How to uncompress zlib data in UNIX?

Question

I have created zlib-compressed data in Python, like this:

import zlib
s = '...'
z = zlib.compress(s)
with open('/tmp/data', 'w') as f:
    f.write(z)

(or one-liner in shell: echo -n '...' | python2 -c 'import sys,zlib; sys.stdout.write(zlib.compress(sys.stdin.read()))' > /tmp/data)

Now, I want to uncompress the data in shell. Neither zcat nor uncompress work:

$ cat /tmp/data | gzip -d -
gzip: stdin: not in gzip format

$ zcat /tmp/data 
gzip: /tmp/data.gz: not in gzip format

$ cat /tmp/data | uncompress -
gzip: stdin: not in gzip format

It seems that I have created gzip-like file, but without any headers. Unfortunately I don't see any option to uncompress such raw data in gzip man page, and the zlib package does not contain any executable utility.

Is there a utility to uncompress raw zlib data?

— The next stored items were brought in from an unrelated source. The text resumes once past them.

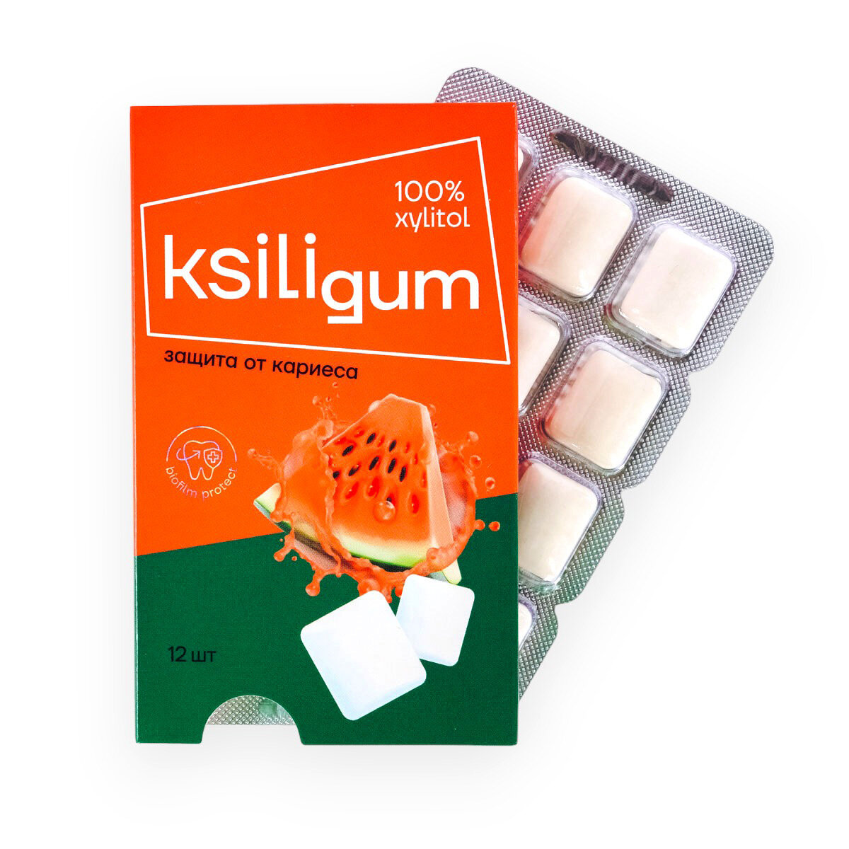 Жевательная резинка c rcbkbnjv без сахара Ksiligum очищает, предотвращает налёт, эффективно блокирует образование кариеса, реминерализирует эмаль - усиливает слюноотделение, повышает защитные свойства слюны, приводит в норму кислотно-щелочной баланс полости рта. Жвачка Ksiligum не содержит сахар и консерванты, в качестве подсластителя использован натуральный ксилит, получаемый из растительных компонентов и древесины лиственных пород. Жевательная резинка Ksiligum станет отличным вариантом для диабетиков, так же, жвачку можно презентовать ребенку от 6 лет как полезный или сладкий подарок.Рекомендованная суточная доза:детям от 6 лет - 3-4 подушечки в деньвзрослым - 5-7 подушечек в деньв блистере 12 штук.Жвачка со вкусом сочного арбуза понравится детям и взрослым.
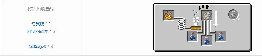 我的世界游戏里面的缓降药水制作方法:需要材料1个幻翼膜+3个粗制的药水可以获得3个缓降药水,一个效果的最高等级为255级,但只能通过命令和修改器等获得。
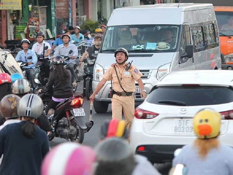 Lực lượng CSGT mỗi ngày vẫn căng mình chống kẹt xe. Ảnh: Lê Thoa

There are many additional answers here: http://stackoverflow.com/questions/3178566/deflate-command-line-tool — Jack O'Connor, Jan 24 '14 at 22:40

score 211 · Accepted Answer · edited Aug 11 '21 at 09:44

211

It is also possible to decompress it using standard shell-script + gzip, if you don't have, or want to use openssl or other tools.
The trick is to prepend the gzip magic number and compress method to the actual data from zlib.compress:

printf "\x1f\x8b\x08\x00\x00\x00\x00\x00" |cat - /tmp/data |gzip -dc >/tmp/out

Edits:
@d0sboots commented: For RAW Deflate data, you need to add 2 more null bytes:
→ "\x1f\x8b\x08\x00\x00\x00\x00\x00\x00\x00"

This Q on SO gives more information about this approach. An answer there suggests that there is also an 8 byte footer.

Users @Vitali-Kushner and @mark-bessey reported success even with truncated files, so a gzip footer does not seem strictly required.

@tobias-kienzler suggested this function for the bashrc:
zlibd() (printf "\x1f\x8b\x08\x00\x00\x00\x00\x00" | cat - "$@" | gzip -dc)

edited Aug 11 '21 at 09:44

nVitius

103

answered Sep 25 '12 at 03:36

wkpark

2,234

4

gzip doesn't work, but zlib-flate does (pdf page content stream). – Daniil Iaitskov May 16 '17 at 12:23
1

inverse operation: cat input.txt | gzip -c | tail -c +9 >compressed.gzbody to remove the first 8 bytes – milahu Apr 20 '22 at 16:31
Small detail about shell functions: the suggested function uses parenthesis as block delimiter, which causes the unnecessary creation of a subshell. Using curly braces: zlibd() { printf "\x1f\x8b\x08\x00\x00\x00\x00\x00" | cat - "$@" | gzip -dc; } – SenhorLucas Feb 02 '23 at 15:51
1

TFW you find a great answer, see yourself quoted in the answer, but can't find the comment that you were quoted from anywhere... – D0SBoots Jul 09 '23 at 09:23

Catskul · Answer 2 · 2021-08-16T18:45:40.327

157

zlib-flate -uncompress < IN_FILE > OUT_FILE

I tried this and it worked for me.

zlib-flate can be found in package qpdf (in Debian Squeeze, Fedora 23, and brew on MacOS according to comments in other answers)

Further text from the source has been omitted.